The Church of the Last Testament by Annie LaRue

1 Dec

While on YouTube, I came across a short 25 minute documentary called, Cult Leader Thinks He’s Jesus. It was about a cult in Russia and their leader named, Vissarion, who had a similar resemblance to Jesus. As I watched, I wondered why anyone would want to follow a crazy man with an illegitimate revelation conveniently during the fall of the Soviet Union. This 29 year-old ex-parole officer thought that his revelation was the word of God, and I wanted to investigate further.

In Petropavlovka, Russia, Vissarion started a cult around 1990. It was called The Church of the Last Testament, which was named after a book he had written. The followers believe in aliens, and they approve of suicide. The major things that are not allowed in the community is alcohol, tobacco, meat, drugs, and cussing. The men’s (who are also the masters) main role in their society is to build the house for his family and must have a masculine profession. The women’s role is to be a home-maker and assistant for the men. Girls and boys are also taught separately in school. If the women try to defy this way of living, they will be punished with a "woman’s disease" (meaning health problems) caused from creating disharmony. Followers think of their village as heaven on Earth, while outsiders see the reality of what it all truly is; a dangerous cult. People who go there to visit are warned by their friends and family that they might never return. This is because of the reputation and actuality of brainwashing the Church of the Last Testament has developed. Vissarion also looks like Jesus, which acts as another form of visual brainwashing.

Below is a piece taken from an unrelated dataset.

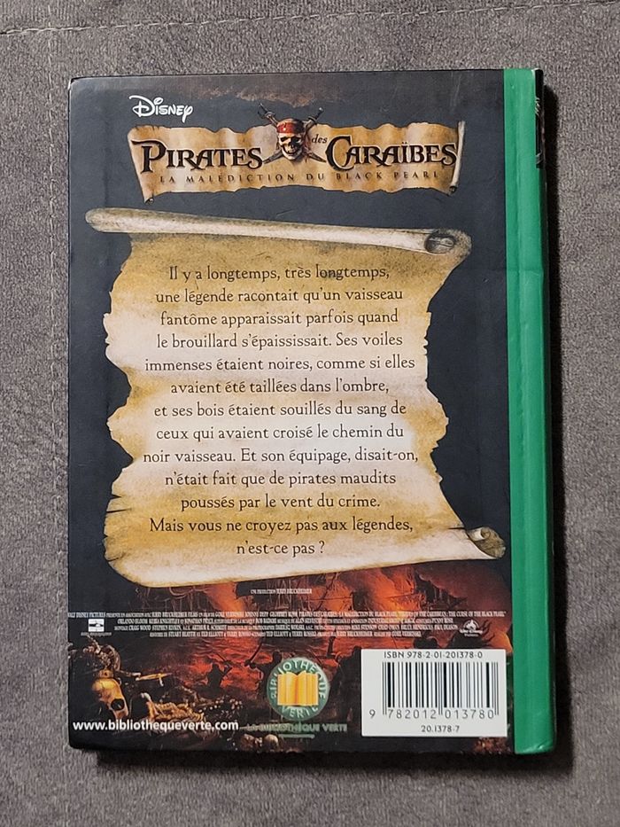 Bonjour, Je vends ce livre nommé - Pirates Des Caraïbes Tome 1 - La Malédiction Du Black Pearl Pascal Loubet (Traduction) - en très bon état. Si vous rechercher un livre ou un acteur en particulier et pour gagner du temps, n'hésitez pas à me le demander, je vous répondrais dès que possible 😇 Veuillez vous abonner pour recevoir toutes les nouveautés Pour autres infos n'hésitez pas à me contacter. ***** Merci de votre visite *****

After my research, I have concluded that this cult and "all-knowing" leader acts as a false sense of security. The followers are naively indoctrinated, which leads them to stay involved.


One Response to “The Church of the Last Testament by Annie LaRue”

  1. Andy Bernbrock December 3, 2012 at 3:35 am #

    Thats pretty weird that Vissarion looks like Jesus, I see how that could cause someone who is already desperate enough to be joining a cult to believe him. I really don’t see why any women would want to join the cult if they are immediately viewed as an assistant. This Vissarion fellow must be quite convincing.